Key Performance Requirements for Connectors

• Strength: High strength is required to maintain the connection in all types of environments. Latches and hinges need to maintain strength for the part’s life cycle. Pin retention and pull-out strength are critical to connector performance.
• Electrical: A connector material must have excellent insulating properties and resist creation of a tracking path in various environments.
• Flammability: Many connectors require UL V-2 flammability, while others require V-0 and still others require 5VA ratings of Flammability along with superior electrical properties to take care of sudden temperature spikes.
• Flow: Complex connector designs and sometimes delicate mating cores and pins make flow critically important. The thinner wall sections, thin core pins and need for venting all require a material that flows well with less pressure.
• Product Hygiene: Clean products are required to reduce mold deposit formation that result in downtime for mold cleaning. This will significantly increase molded-part cost..

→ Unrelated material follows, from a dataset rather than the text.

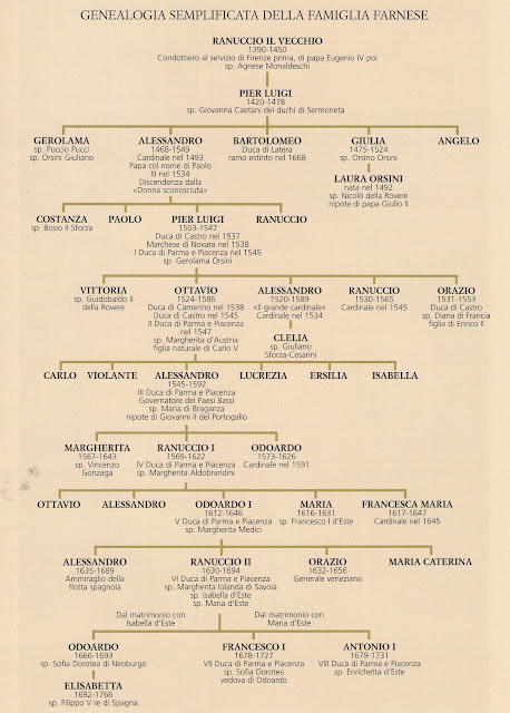 Juan de Médici o Giovanni di Bicci de' Medici (en italiano) (Florencia, 1360 - 20 de febrero de 1429) fue un banquero de la Edad Media, fundador de la poderosa familia Médici de Florencia, padre de Cosme de Médici (Pater Patriae) y bisabuelo de Lorenzo de Médici (El magnífico). Lorenzo de Juan de Médici conocido como Lorenzo el Viejo, (Florencia, c.1395 - Florencia, 1440), banquero italiano de la familia Médici, hermano menor de Cosme el Viejo y cabeza de la rama Popolano de la familia, que se hiciera más adelante conocida por su descendiente Cosme I de Médici, tras la extinción del ramo principal. Pierfrancesco de Lorenzo de Médici, conocido como El Viejo, (Florencia, 1430 - 19 de julio de 1476), banquero italiano de la familia Médici. Giovanni di Pierfrancesco di Medici, apodado "il Popolano", "El Populista", (Florencia, 21 de octubre de 1467 — Bagno di Romagna, 14 de septiembre de 1498) fue un miembro de la rama llamada "de los populistas" de la influyente familia florentina Médici, hijo de Pierfrancesco el Viejo y hermano menor de Lorenzo di Pierfrancesco de Médici. Juan de Médici o Giovanni de Médici (en italiano) o Giovanni de las Bandas Negras o Giovanni dalle Bande Nere (en italiano) (1498-1526) fue un célebre condotiero italiano del Renacimiento. Cosme I de Médici (Florencia, 12 de junio de 1519 – Villa di Castello, 21 de abril de 1574), II Duque de Florencia (1537-1569) y I Gran Duque de Toscana (1569-1574), durante los últimos años del Renacimiento. Fernando I de Médici, (Florencia, 30 de julio de 1549 - id., 17 de febrero de 1609), Tercer Gran Duque de Toscana entre 1587 y 1609. Quinto hijo del Duque Cosme I de Médici y de Leonor Álvarez de Toledo, fue ordenado cardenal en 1562, con catorce años de edad. Cosme (Cosimo) II de Médici (12 de mayo de 1590 – 28 de febrero de 1621) gobernó como IV gran duque de Toscana desde 1609 hasta 1621. Margarita de Médici (Florencia, 31 de mayo de 1612 – Parma, 6 de febrero de 1679) fue una noble italiana, duquesa consorte de Parma y Piacenza y esposa de Odoardo I Farnesio. Fue regente de Piacenza en 1635 y regente de todo el ducado en 1646, a la muerte de su marido. Ranuccio II Farnesio (en italiano: Ranuccio II Farnese) (Parma, 17 de septiembre de 1630 – Parma, 11 de diciembre de 1694), fue el sexto duque de Parma y Plasencia y séptimo duque de Castro. Eduardo II Farnesio (en italiano:Odoardo Farnese) (Colorno, 12 de agosto de 1666 – 6 de septiembre de 1693), heredero del ducado de Parma y Plasencia. Isabel Farnesio (Parma, 25 de octubre de 1692- Aranjuez, 10 de julio de 1766), fue una aristócrata italiana, reina consorte de España como segunda esposa del rey Felipe V y madre de Carlos III. |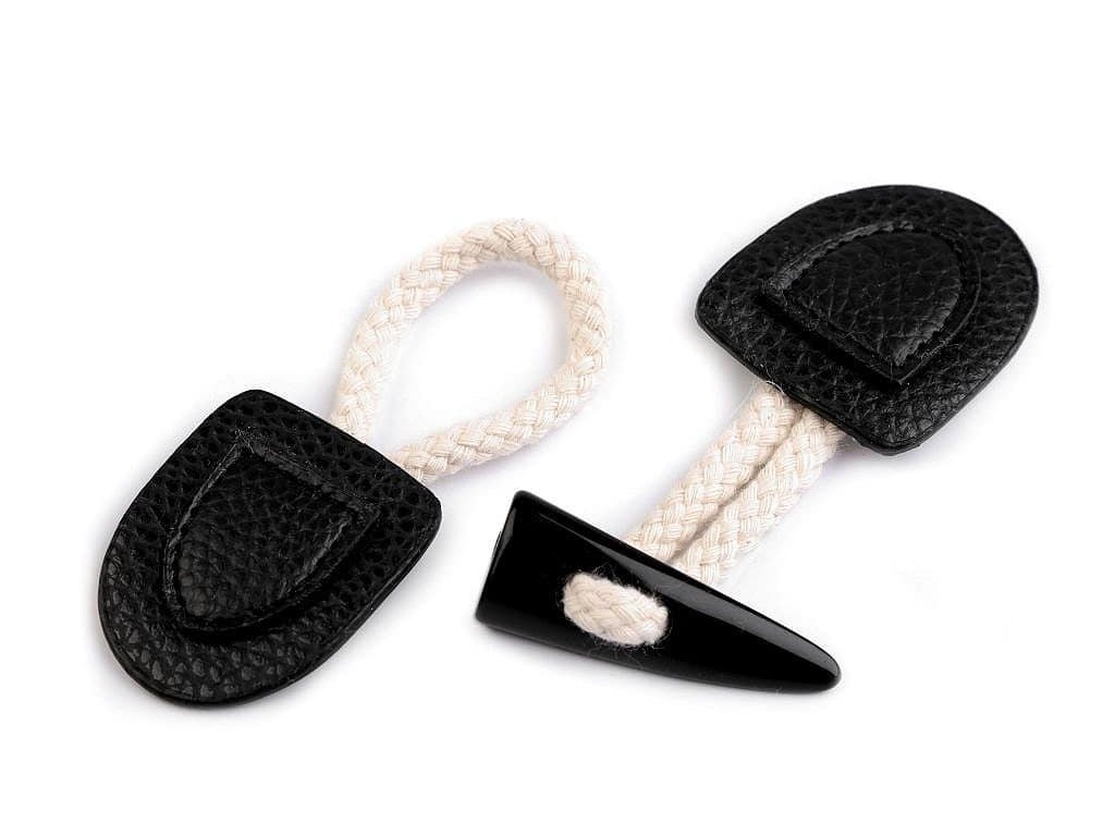 Elegantní zapínání z eko kůže s knoflíkem je kvalitně zpracované. Zapínání může být rozlepené, což není důvod k reklamaci - jedná se o polotovar, který je nutno prošít. Rozměry knoflíku: 2 x 5 cm. Celková délka po zapnutí: 17 cm. Složení: eko kůže, pryskyřice. Cena za kus.

Performance Characteristics that Make Polyamides the Material of Choice

PA6 & PA66 have many key attributes that make it a desirable material for electrical connectors:

• High strength and rigidity
• Excellent chemical resistance
• Inherent flame resistance
• Excellent resistance to tracking an electrical path
• Excellent dielectric strength and volume/surface resistivity make it an ideal insulating material
• Excellent thermal endurance (UL RTI) for use in higher-temperature applications

Innovative Developments in Polyamide Resin Performance 

The goal of meeting the processing and design challenges in several important Polyamide markets, including connectors used for electrical and electronic applications was taken by Formulated Polymers Material and Eurostar Engineering Plastics France with the development of a new technology resulting in significant performance improvements in key areas.

Reduced Plate-Out

Plate-out, defined as the release of compounds that foul the tool, is generally a major problem for injection moulders. At typical PA66 processing temperatures (280 to 320 ⁰C), there is a gradual build-up of volatiles that precipitate out of the polymer melt and condense on the relatively cold mold surface. The volatiles include monomers and oligomers in material inherent in PA66, residual material from glass sizing, lubricants and other additives. They can plug vents, reduce the speed of air evacuation from the mould cavity and impede the moulding process. Cycle times and part quality are affected. Excessive plate-out leads to operational inefficiencies including vent plugging, burning, increased mould maintenance and even increased cycle times.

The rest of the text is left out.